Dear list,

Thanks to all and to you who engaged this puzzling and worrisome topic.
I appreciate the pointers to the MegaTrawl and OHBM COBIDAS reports linked in 
the correspondence below.
I agree that it’s not the role of the Human Connectome Project to police the 
results obtained with the data you provide.

I do think that there is a substantive contribution to be made with an analysis 
of this issue, a list of cautions, and at least a partial list of scenarios 
which either do or do not pose problems with suggested approaches to dealing 
with the problems.
For the universe of researchers, I don’t think we’re doing as well as we could 
by simple honest reporting of the comparisons we’ve made.
After all, that’s really been incumbent on all of us prior to this.
And it doesn’t really address how we even satisfy ourselves as individual 
researchers that we’re not being fooled by our own results from HCP data.

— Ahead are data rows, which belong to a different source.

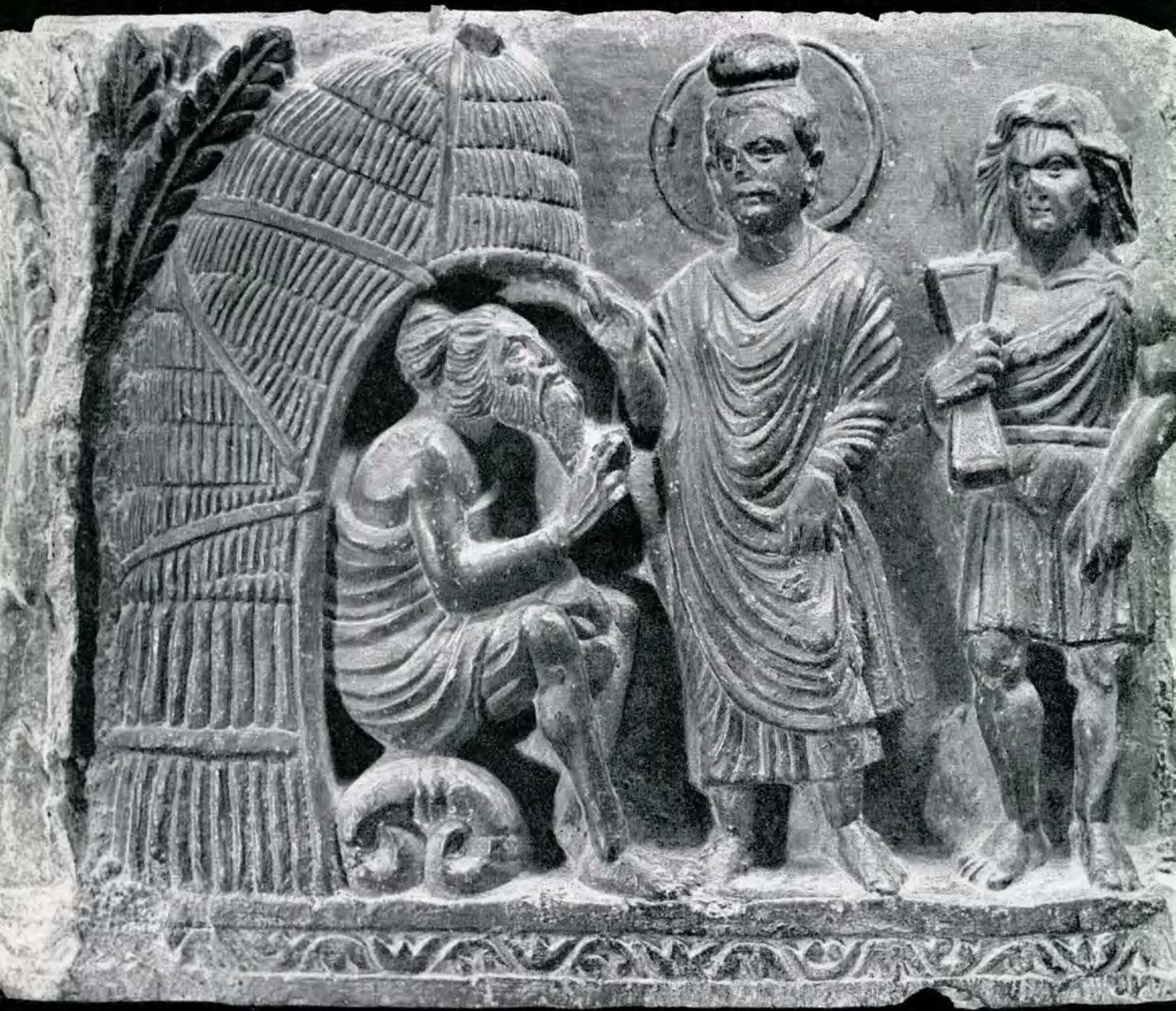
"Sakyamuni's First Meeting with a Brahmin", late 1st century, fine-grained schist, 15½ x 19½, Peshawar Museum
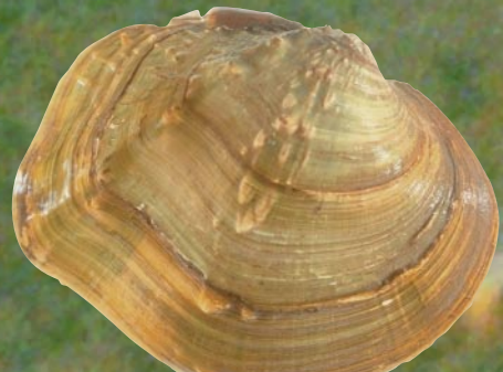
Mapleleaf Quadrula quadrula
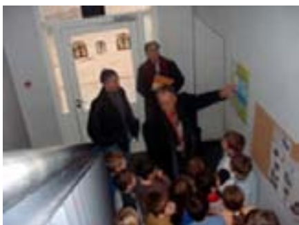
The mayor is explaining the poster to the children – Saarbrücken (DE)

Display is the result of networking activities between twenty municipalities from eighteen countries as represented by their energy managers . Collectively, they have created the product and all its various components, under the co-ordination of Energie-Cités: poster, calculation parameters, tests, promotion, etc. Of the municipalities involved, some were more experienced than others, some were from the North, whereas others were from the South, the East or the West of Europe.
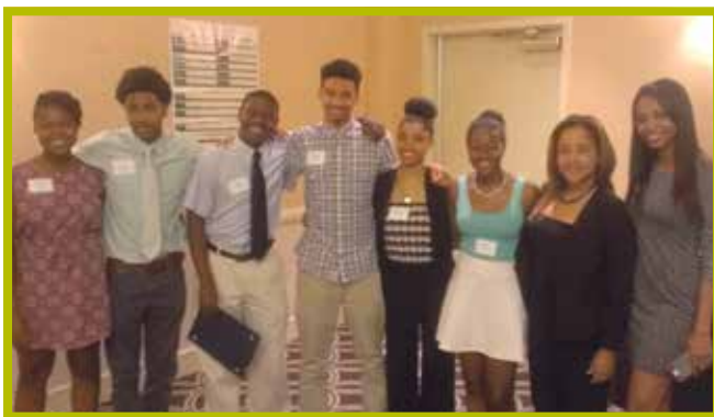
2014 B.E.S.T. student participants at Dale Carnegie's Young Adult Leadership Program Closing Exercises

Since 2013, Dale Carnegie Training Mid-Atlantic has partnered with B.E.S.T. to provide students the opportunity to participate in their nine week Young Adult Leadership Program. The program is designed to prepare young people for the real world by giving them the skills they need to reach their goals and live up to their full potential - at school, in their relationships, and in future careers. This summer, nine B.E.S.T. students participated in the course and two B.E.S.T. students who completed the program last summer returned as volunteer "Coaches." Through this partnership, our students gain confidence, enhance their communication, set and attain goals and refine their leadership skills.
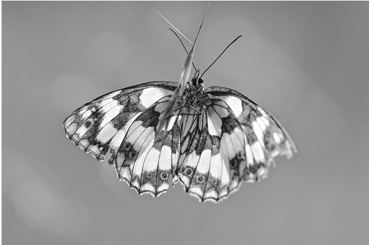
PLATE 1. Some individuals of marbled white ( Melanargia galathea ) look quite worn as it is a species with a relatively long flight period.

this led to mean first observations from all study plots that were generally later than the estimated mean dates of population arrivals from our model (Appendix A: Fig. A4).
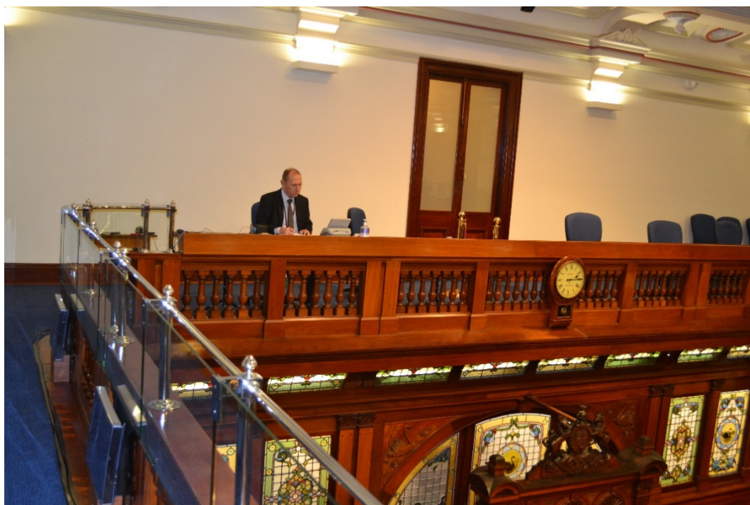
Hansard reporting from the upstairs Press Gallery

The motion passed unanimously. Nineteen members were marked as absent.
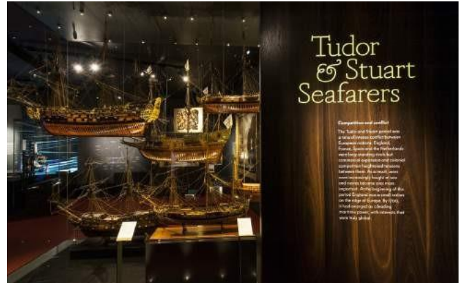
Tudor and Stuart Seafarers
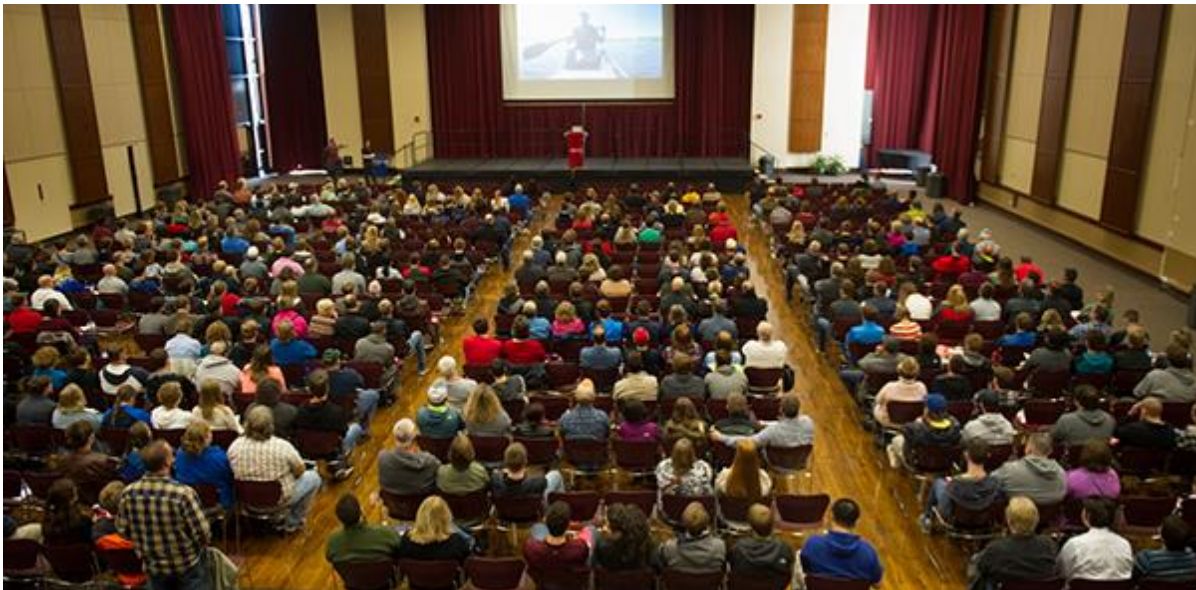
Fig: SIUE School of Engineering Annual Banquet
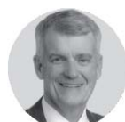
Timothy J. Sloan

CEO and President, Wells Fargo & Company

This problem is not confined to HCP data nor is its domain confined to human 
brain imaging, e.g. there are numerous tumor registries which, to my 
understanding, face the same issue.
A letter to a journal with wide scope would, I hope, be welcomed by editors and 
be of real value to the scientific community.
Had I the requisite knowledge and understanding, I would do the thinking and 
write it.
I hope that one or more of you will consider this .

Best - Don

From: Stephen Smith []
Sent: Wednesday, September 14, 2016 9:02 AM
To: Thomas Nichols
Cc: Krieger, Donald N.;
Subject: Re: [HCP-Users] Same data / Multiple comparisons ?

Hi Tom

actually the MegaTrawl latest version is here:

But yes indeed - early on within the HCP we discussed options for trying to 
deal with this large-scale-multiple-comparisons-problem, but quickly agreed 
that it really wasn't our role (and wasn't practical) for us to try to "police" 
on this issue.    Another possible form of "policing" would be to keep-back a 
truly-left-out sample of subjects, but there were too many ethical, practical 
and statistical problems with that.   We also (light-heartedly!) discussed 
having some kind of "multiple-comparison sin counter" that ticks up every time 
someone does a new analysis....  ;-)   but as you say there was no 
straightforward solution presenting itself...

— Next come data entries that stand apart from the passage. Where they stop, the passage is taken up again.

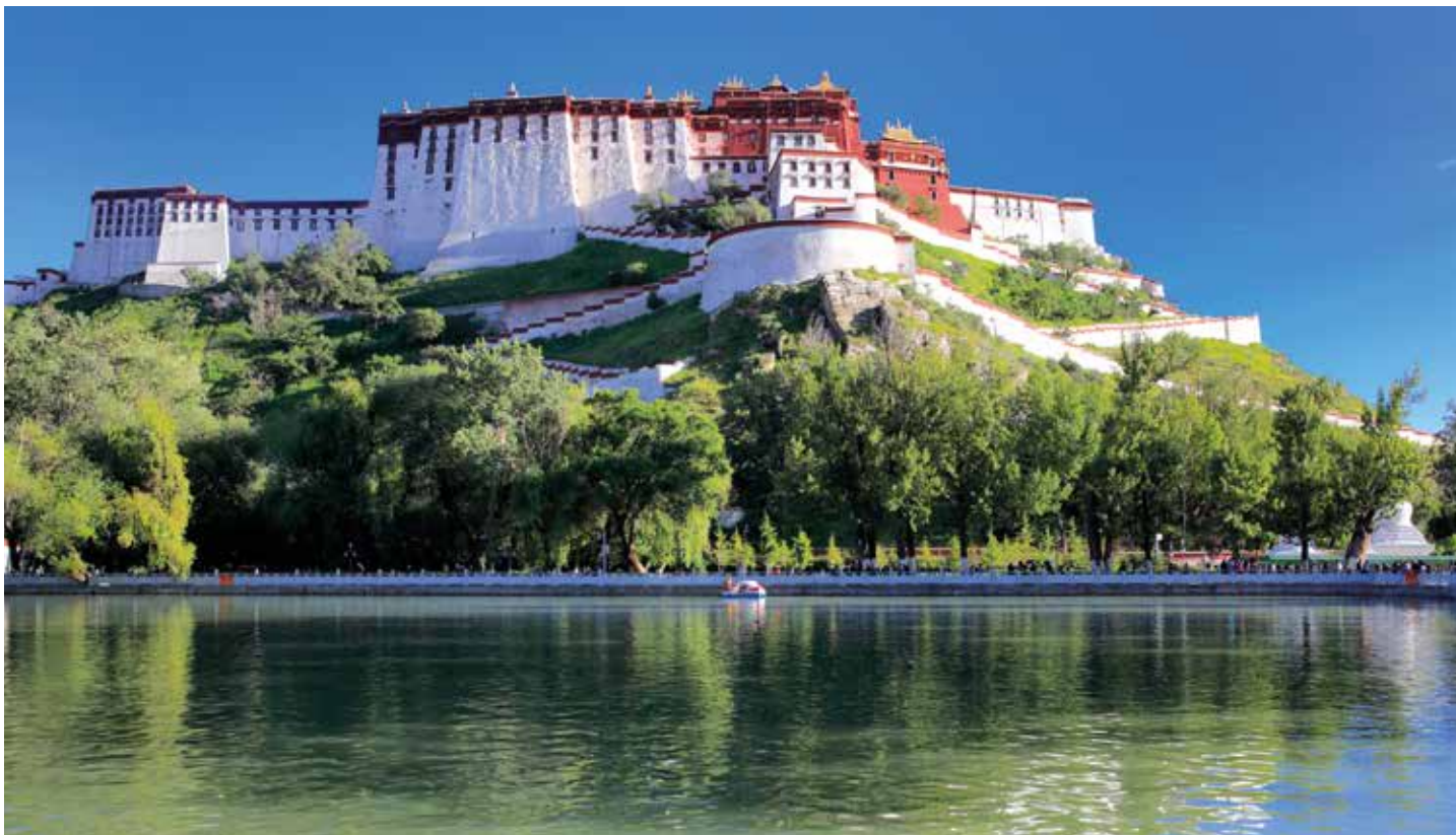
Potala Palace, Lhasa

in the 1740s as a retreat from the summer heat, this "Jewel Garden" enchants with its meticulously landscaped grounds, lotus-filled ponds, and a sense of stillness that contrasts beautifully with the city's liveliness. Strolling through this peaceful oasis offers a moment of reflection amid Tibetan heritage and artistry. For lunch, savour authentic Tibetan cuisine, richly flavoured with local herbs and accompanied by the sounds of traditional folk music. This afternoon, we ascend to the majestic Potala Palace, an awe-inspiring 17th century architectural masterpiece that once served as the winter residence of the Dalai Lama. Rising 300 metres above the valley floor, its towering red and white façade dominates the Lhasa skyline. Inside, labyrinthine corridors lead to ornate chapels, golden stupas, and sacred relics, each step a journey through centuries of spiritual and political history. As evening falls, we gather for a farewell dinner, raising a glass to the unforgettable moments of this extraordinary journey through the heart of China and Tibet.
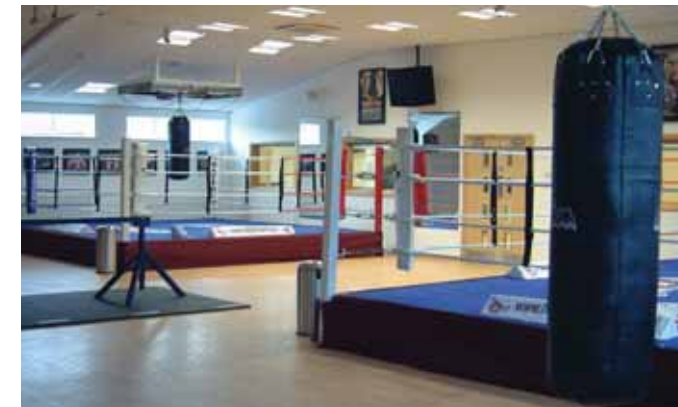
The boxing studio features two rings, punch bags and speed balls

Facilities at the centre, which had already secured more than 300 members ahead of its opening, also include a refreshment area, a shop selling Hatton's clothing line, a
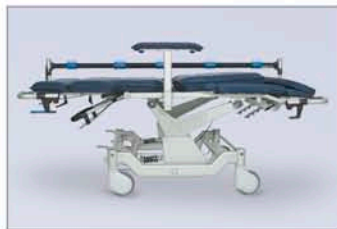
I-660 with accompanying Barton® PTS™.
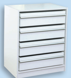
MAXI ULTRA 450 745h x 608w x 430d 4 standard drawers F/L 2662049
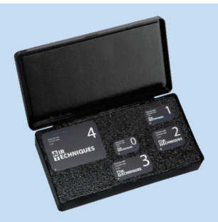
Plate Transfer Box PN 73470, Qty. 1
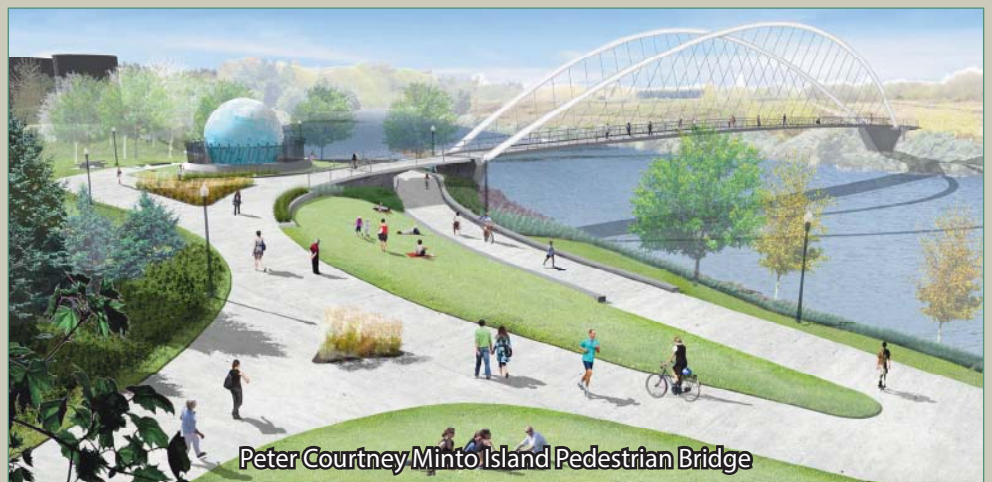
Peter Courtney Minto Island Pedestrian Bridge

Information contained herein has been obtained from the owner of the property or from other sources that we deem reliable. We have no reason to doubt its accuracy, but we do not guarantee it. All information is subject to change without notice.
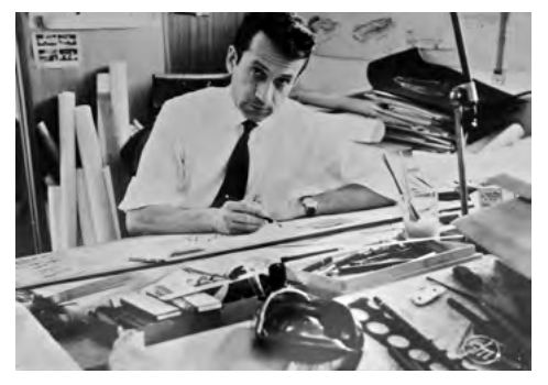
So, what can we say about this prodigious Italian car designer?

Every Triumph model from 1959 onwards, including Saloon, Estate, Dolomite, Stag, Herald, Vitesse, Spitfire, GT6 and all TRs (except the TR6, TR7 and Acclaim), owes its good looks to one man. Enter Giovanni Michelotti.
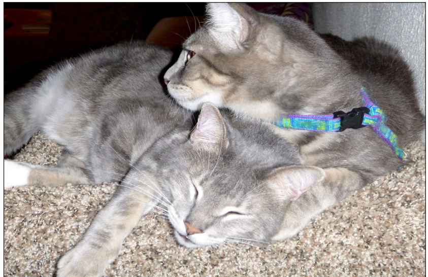
These two unrelated adult male cats enjoying a quiet nap together exhibit the less territorial, competitive, and aggressive behavior of neutered males, compared to intact male cats.

On 14 Sep 2016, at 13:52, Thomas Nichols 
<<>> wrote:

Dear Don, (Simon?)

I see two classes of use for the HCP data sets.
(1)    The HCP participant results may be used as norms for comparison with 
matched participants from whom we capture measures which may be compared.
(2)    The HCP participant results may be used exclusively.

I think it is only the latter, (2), for which there is a problem although I 
certainly could be wrong.

I agree, the first doesn't have multiplicity problems (though accuracy with 
which you can match subjects & scanner data is another concern).

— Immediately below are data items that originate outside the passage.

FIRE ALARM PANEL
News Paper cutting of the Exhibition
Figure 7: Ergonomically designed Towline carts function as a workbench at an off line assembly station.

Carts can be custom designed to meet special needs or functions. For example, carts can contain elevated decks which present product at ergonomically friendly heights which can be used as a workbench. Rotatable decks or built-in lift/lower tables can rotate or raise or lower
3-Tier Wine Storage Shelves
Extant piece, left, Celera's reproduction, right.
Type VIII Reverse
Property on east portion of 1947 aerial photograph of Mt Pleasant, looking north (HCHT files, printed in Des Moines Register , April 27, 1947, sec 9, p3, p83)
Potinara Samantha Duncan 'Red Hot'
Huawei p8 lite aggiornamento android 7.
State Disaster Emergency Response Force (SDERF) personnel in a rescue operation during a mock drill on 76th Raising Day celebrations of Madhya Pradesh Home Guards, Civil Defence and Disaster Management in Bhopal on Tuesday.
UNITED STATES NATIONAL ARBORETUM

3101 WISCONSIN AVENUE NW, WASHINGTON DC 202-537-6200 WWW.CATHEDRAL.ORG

 Tom, you used the scenario of a bunch of labs using the data to do one test 
each and stated: “…I would say that requires a 'science-wide' correction 
applied by the reader of the 250 papers. …”
That gets at what I’m asking.
If I’m the author of one of those papers, I don’t want to be fooled or to fool 
any of my readers with the results from my laboratory by failing to correct for 
all the other comparisons which have been run on the same data.

Yes, but the basic problem you, the individual author, face is what sort of 
correction should you apply.  You only studied variable #132; should you do a 
correction just for the 20 others in that domain, or all 250?  That's why I 
think all you can do is be open, and honestly report the scope of variables you 
considered (and if you did, e.g., search over 20 variables in a domain, correct 
over those), and report your result.  If the reader collects your result with 
50 other papers they can use the appropriate level of criticism for that 
collection, which will be different from a reader that collects 250 papers 
measures for consideration.

 If I do that now, perhaps it’s workable to take account of all the work which 
has appeared to date to do the correction for multiple comparisons.
But what about a laboratory which runs some other test 5 years from now?
They must use a more stringent criterion given all the additional results which 
have since been published.
At some point, it will become impossible to find a reliable result.


Of course, these notions apply to reviewers and other readers too which places 
a new level of responsibility on them compared with reading papers today.
For editors and reviewers, the problem is particularly acute.
If the authors of a paper used the correction criterion suggested by their 
isolated analysis but a ‘science-wide’ reading calls for a more stringent 
criterion, do they bounce the paper back or accept it?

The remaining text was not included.